I would assume that’s what they’re doing.

I worry that, potentially, rebuilding the texture atlas with every new character typed could significantly affect responsiveness to the keyboard, especially if the atlas already contains a large number of glyphs.

In a word processing application responsiveness is probably more important than rendering speed (there is typically no requirement to re-render the content frequently, only when the page scrolls or is re-sized or something).

It’s unlikely that the user is going to type a completely different language at every keystroke, however.

For something like a word processing application it’d probably be better to use the system’s UI toolkit (or an abstraction meant for regular UI stuff, like QT/wxWidgets/etc) and font rendering than something meant for games etc. like SDL.

Not a different language, no, but if he’s typing a document which is primarily English but which includes quotes from another language, it is entirely likely that several consecutively-typed characters won’t be in the existing atlas.

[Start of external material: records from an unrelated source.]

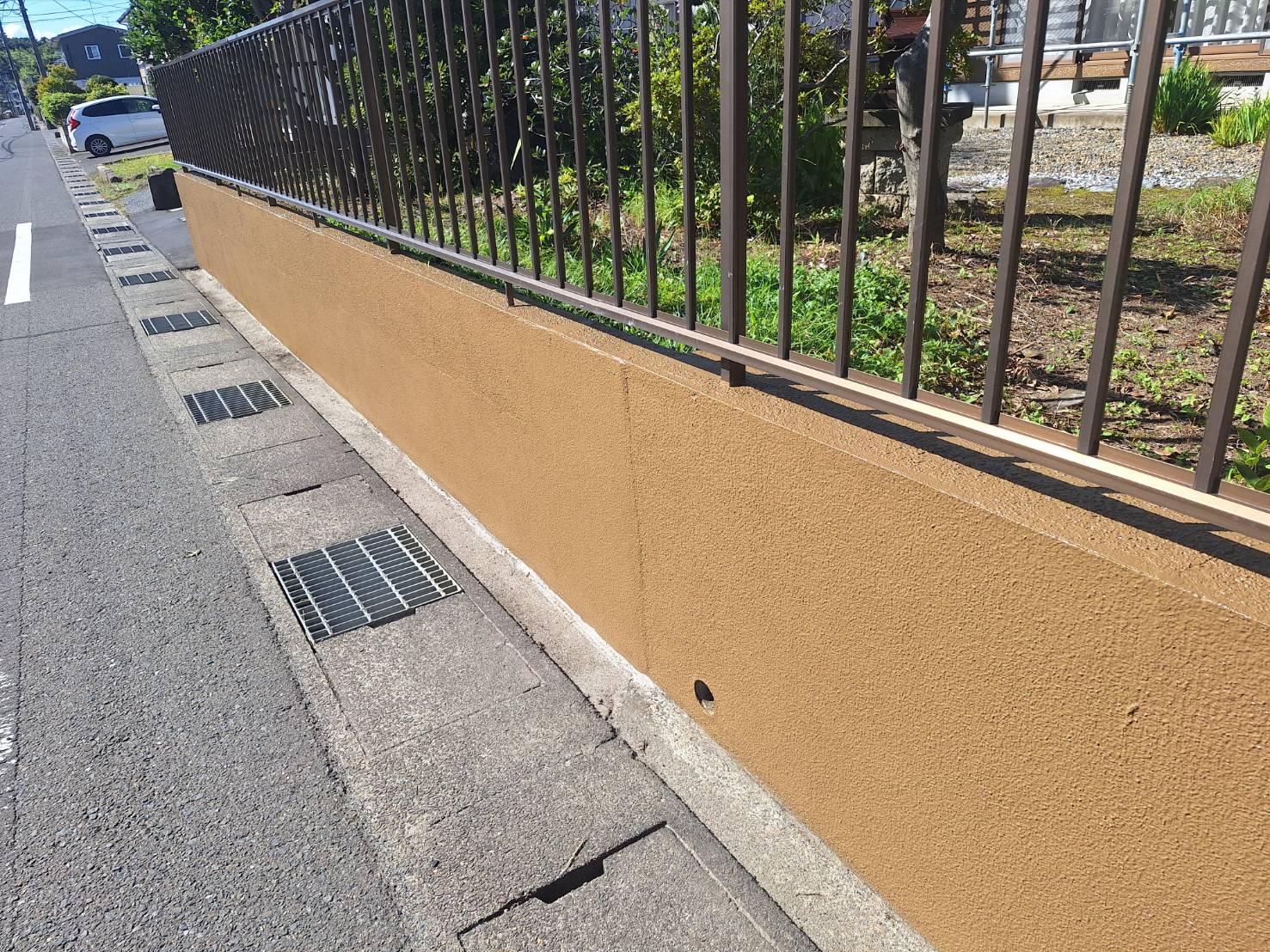 まず、外塀の一部が浮いてしまっている箇所がありましたので、そこをしっかりと取り外しました。そして、新しく作成した部分を施工し、最後に全体を塗装して仕上げました!
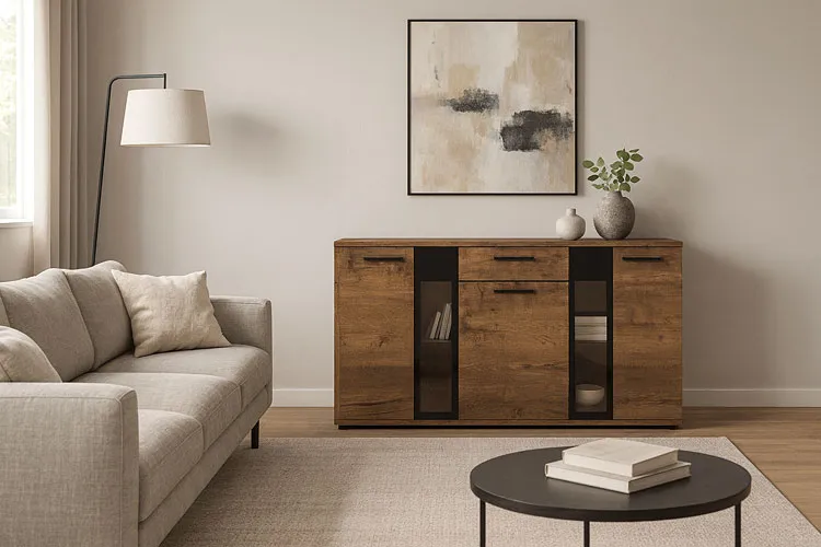 Dotyczy: Komoda ze szkłem w kolorze dąb artisan + biały - Melorix
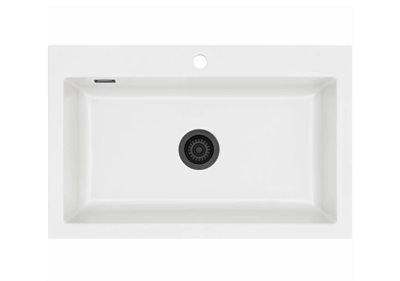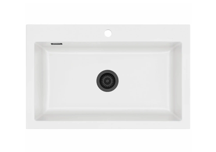 Lavabo Mera 80 porcelæn køkkenvask med hanehul og sort afløb 800 x 510 mm til nedfældning i Mat hvid
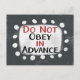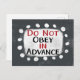 Bold text reading "Do Not Obey In Advance" is centred against a grey background. The black and red text sits on a white rectangle with large textured white dots around it, providing a playful contrast against the solid colour backdrop. This is Lesson #1 from "On Tyranny" by Timothy Snyder.
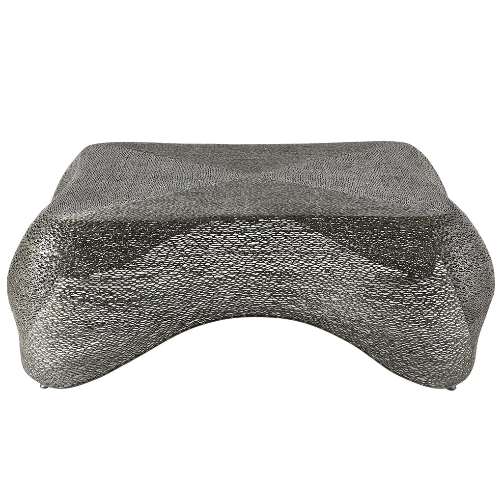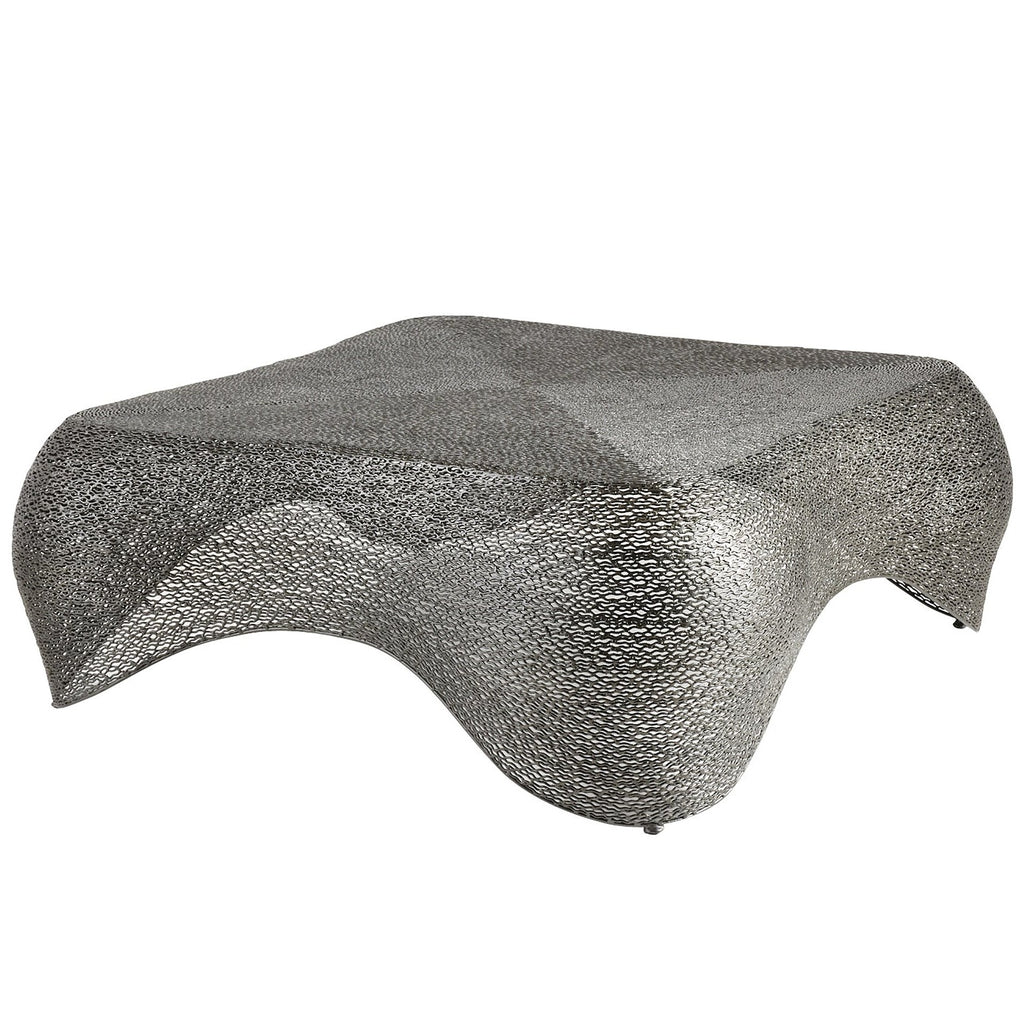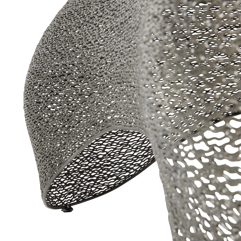 Formed of galvanized iron in a graphite shade, this table plays with transparency in an intriguing fashion. Designed to undulate around the entire structure, its webbed texture recalls the curves of a transparent jellyfish.
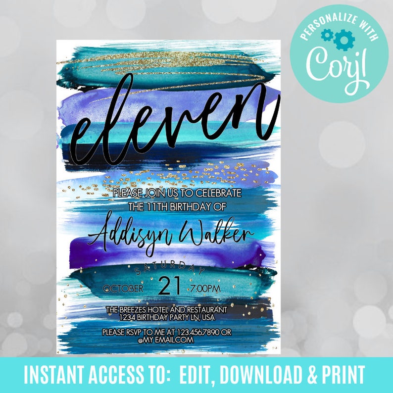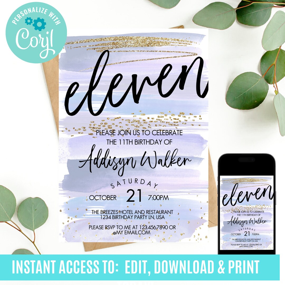 11th Birthday Invitation Templates Etsy
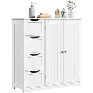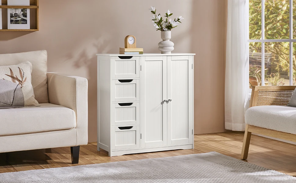 Furniture Organizer for Bathroom, Wooden Bathroom Floor Cabinet, Side Storage Cabinet with 4 Drawers and Double Doors
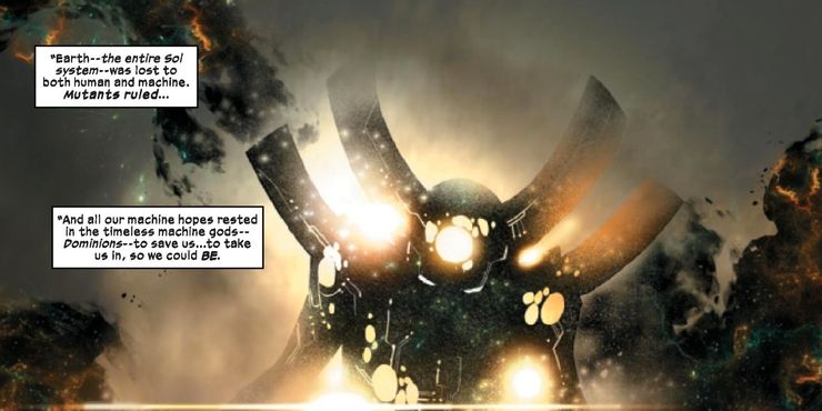 Durante la pelea, Omega y Nimrod afirman claramente que consideran a los humanos como mutantes, como sus enemigos y formas de vida inferiores. De hecho, comienzan el enfrentamiento masacrando sin piedad a los soldados de a pie de Orchis, sin otra razón que demostrar que los humanos no valen nada. “No hay diferencia entre ustedes [human and mutants]”, Omega le dice a Magneto,”Ese es nuestro secreto. Lo mantuvimos cerca, escondido del mundo, pero aquí está: los odiamos tanto como te odiamos a ti.Esto demuestra que la carrera por el futuro nunca fue entre mutantes y humanos, sino entre las máquinas y todos los demás. Este ha sido un tema destacado en la carrera de Hickman. El poder único de Moira de reencarnación y reinicio del universo después de su muerte ha brindado la oportunidad. para explorar diferentes líneas de tiempo futuras alternativas.En una de ellas, las máquinas y sus dioses, los Dominios, triunfan sobre cualquier otra forma de vida.
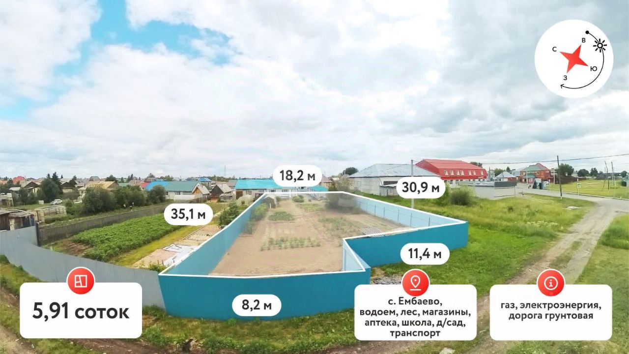 Продаётся отличный земельный участок площадью 6 соток в центре села Ембаево — уютное, зелёное, обжитое место всего в 20 минутах от города!

Are you proposing that when he types the first ‘foreign’ character all the letters in that alphabet should be added to the atlas at once?

There is perhaps an argument that SDL1 was designed “for games etc.” but surely that’s not the case with SDL2 (or if it ever was, it isn’t any more). It’s pretty clear from the SDL2 API that it’s intended for a much wider spectrum of applications, and of course mine isn’t a game (it’s a programming language).

If you do that it becomes a single-platform app. The purpose of SDL is to act as an abstraction layer to make it easy to write cross-platform applications, so the same source code can be expected to run substantially identically on multiple platforms. It’s perfectly sensible to want to write a cross-platform word processor!